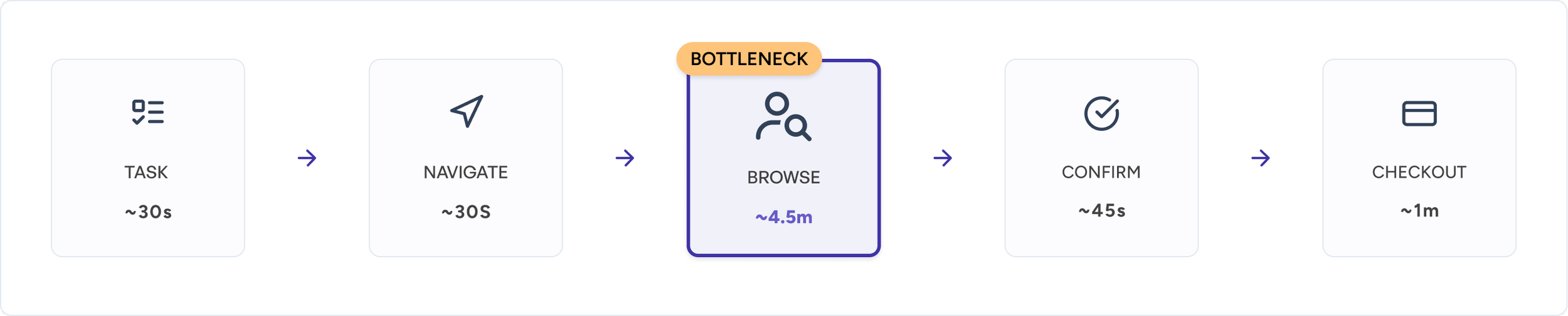 To get the ball rolling, I leveraged partnerships with stakeholders to explore value add opportunities. Utilizing Pendo, I also noticed that users spent the majority of their time (average 4 minutes out of 8 total) in the āBrowse & Selectā phase - not navigating to the storefront, not on product detail pages, not in checkout. To understand the behavioral patterns causing the delay, I conducted mixed methods research: 20+ surveys and 9 in depth interviews and CX call shadowing. I uncoveredā¦
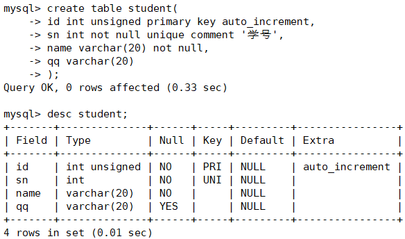 id INT UNSIGNED PRIMARY KEY AUTO_INCREMENT,
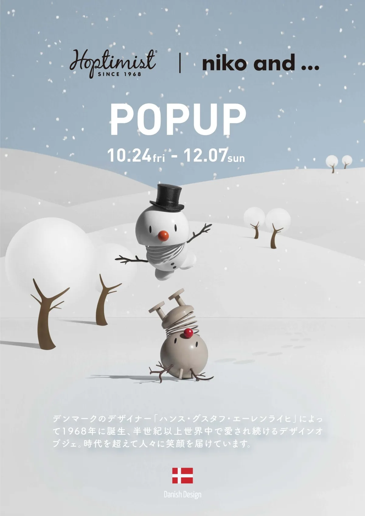 デンマークの人気デザインオブジェ「Hoptimist(ホプティミスト)」が、ファッションブランド「niko and...(ニコアンド)」の11店舗で、期間限定のポップアップイベントを開催します。このイベントは、2023年10月24日から12月7日までの期間中、各ストアで展開されます。特に、クリスマスコレクションは国内最速で手に入るチャンスです!
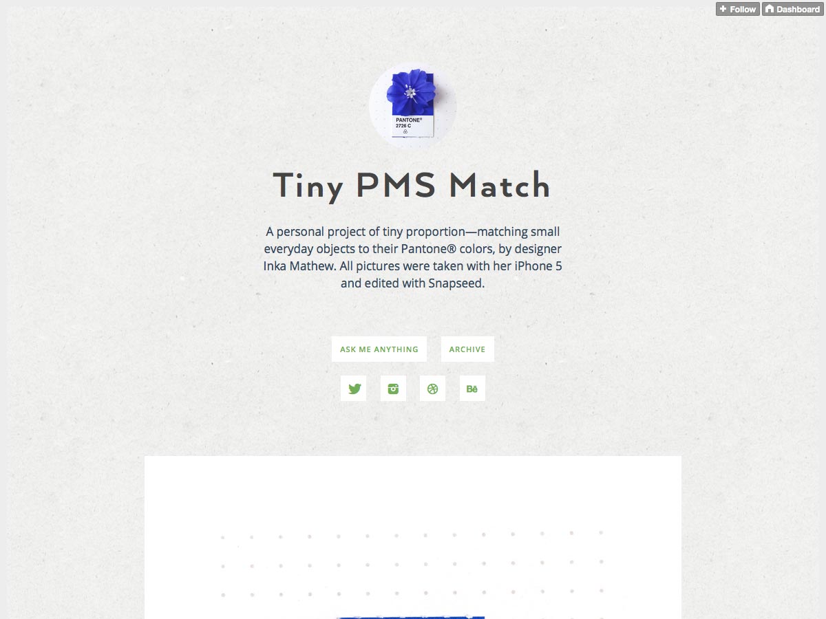 Tiny PMS Match是个Tumblr博客,将Pantone色与各种小物体联系起来。所有照片都用iPhone5拍摄,并通过Snapseed处理。
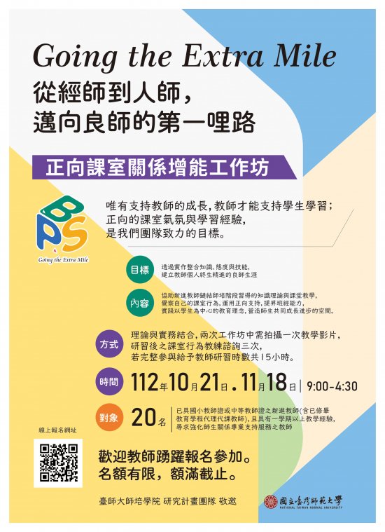 | 二、 | 為協助新進教師運用正向語言與行為技能鏈結師培階段所 知識與課堂實務需求,特邀國立臺灣師範大學特殊教育學系教授及在職教師開設旨揭工作坊。 |
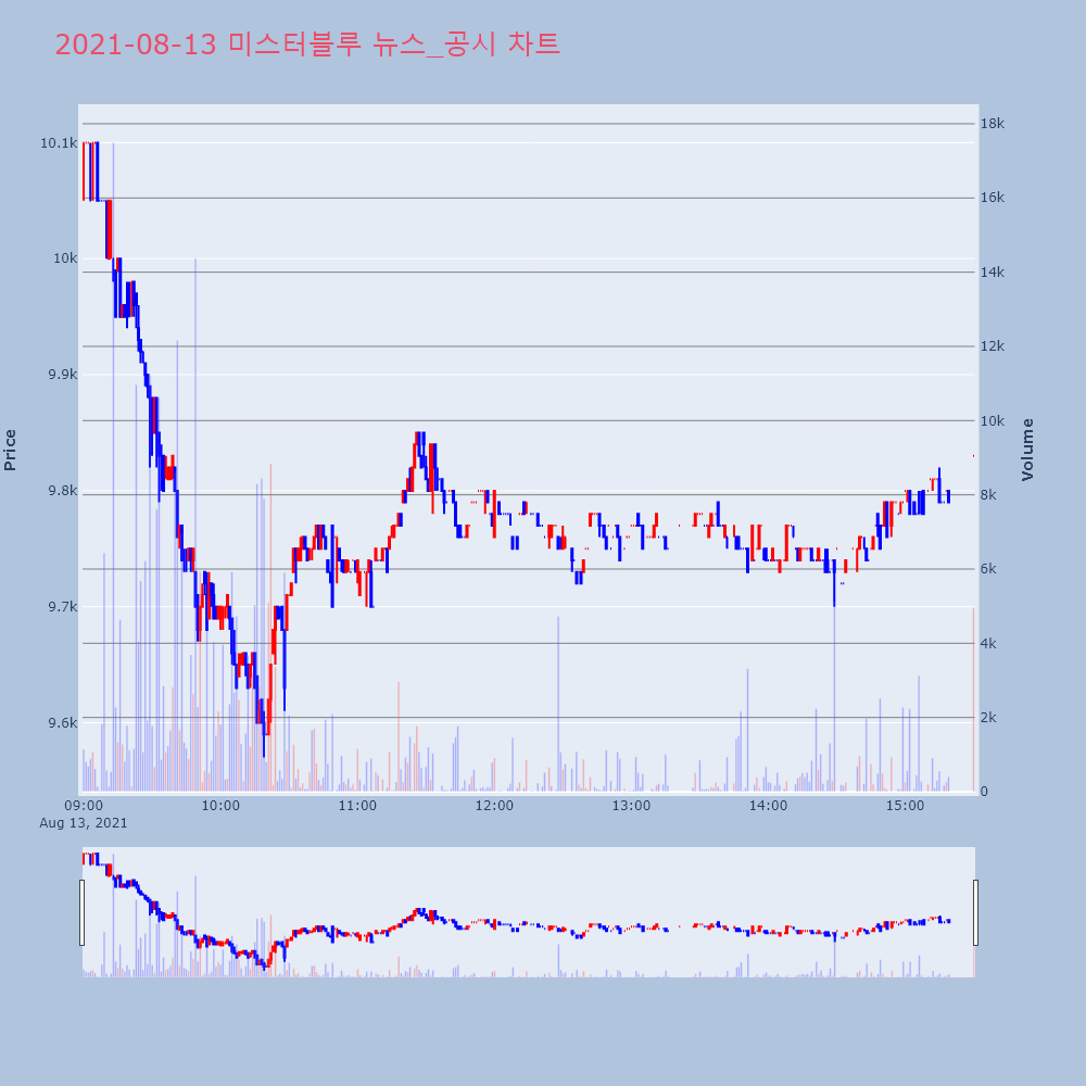 | 2021-08-13 15:50:00 | 코스닥 | 01047840 | 미스터블루 | 20210813000808 | 반기보고서 (2021.06) | 미스터블루 |
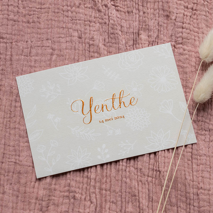Creme geboortekaartje met een patroon van getekende bloemen. De kaart heeft aan beide zijden rosefolie. Pas de kleuren van de kaart en de folie naar wens aan.
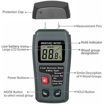 Contenu de l'emballage : 1 x hygromètre, 2 x piles micro AAA. ALLmeter Humidimètre mural 2 en 1 Pin/Pinless Humidimètre pour ÉCRAN LCD]L'humidimètre dispose d'un grand écran LCD de la valeur d'humidité du bois, il affiche tout ce que vous devez savoir : le niveau d'humidité, la température en C˚ et F Large gamme d'applications : le capot de protection protège la tige de mesure en acier. Facile à utiliser : grâce à l'écran LCD intégré et aux 3 boutons faciles à utiliser, le bois et le bois de chauffage ainsi que les briques, le mortier et le mortier peuvent être facilement sélectionnés. Humidimètre À Grain Numérique À Affichage Lcd Testeur D'Humidité... Le boîtier robuste vous convient également pour travailler en forêt, dans le jardin, sur un chantier de construction, en atelier et bien plus encore. Caractéristique- Détectez rapidement et facilement l'humidité de surface dans le bois ou les matériaux de construction. Mesure Humidité Surface 9.8mm Acier Humidimètre AS981, Humidimètre Pour Bois Sans Contact, Humidimètre Pour Humidimètre écran LCD
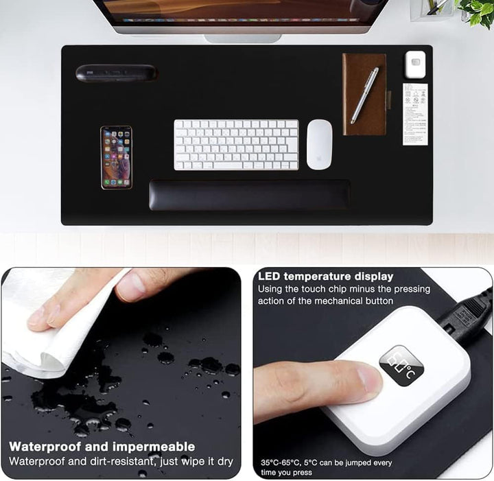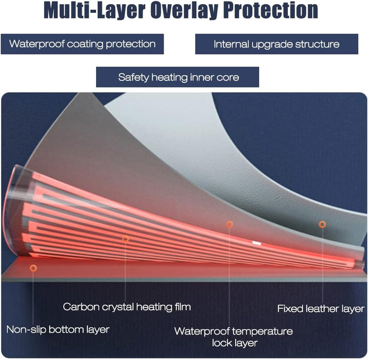 - Hohe Qualität - Dieses Beheizte Schreibtischunterlage ist aus PU-Leder, rundum wasserdicht, undurchlässig und schmutzabweisend, es gibt kein Sicherheitsproblem, Sie können es mit Vertrauen verwenden. Dieses beheizbare Mauspad besteht aus

--*--

What you are asked to do: Begin at the top of the records above and retype each line exactly until the line containing "Creme geboortekaartje met", which is included. Skip all pictures.

Response to the task:
 To get the ball rolling, I leveraged partnerships with stakeholders to explore value add opportunities. Utilizing Pendo, I also noticed that users spent the majority of their time (average 4 minutes out of 8 total) in the āBrowse & Selectā phase - not navigating to the storefront, not on product detail pages, not in checkout. To understand the behavioral patterns causing the delay, I conducted mixed methods research: 20+ surveys and 9 in depth interviews and CX call shadowing. I uncoveredā¦
 id INT UNSIGNED PRIMARY KEY AUTO_INCREMENT,
 デンマークの人気デザインオブジェ「Hoptimist(ホプティミスト)」が、ファッションブランド「niko and...(ニコアンド)」の11店舗で、期間限定のポップアップイベントを開催します。このイベントは、2023年10月24日から12月7日までの期間中、各ストアで展開されます。特に、クリスマスコレクションは国内最速で手に入るチャンスです!
 Tiny PMS Match是个Tumblr博客,将Pantone色与各种小物体联系起来。所有照片都用iPhone5拍摄,并通过Snapseed处理。
 | 二、 | 為協助新進教師運用正向語言與行為技能鏈結師培階段所 知識與課堂實務需求,特邀國立臺灣師範大學特殊教育學系教授及在職教師開設旨揭工作坊。 |
 | 2021-08-13 15:50:00 | 코스닥 | 01047840 | 미스터블루 | 20210813000808 | 반기보고서 (2021.06) | 미스터블루 |
Creme geboortekaartje met een patroon van getekende bloemen. De kaart heeft aan beide zijden rosefolie. Pas de kleuren van de kaart en de folie naar wens aan.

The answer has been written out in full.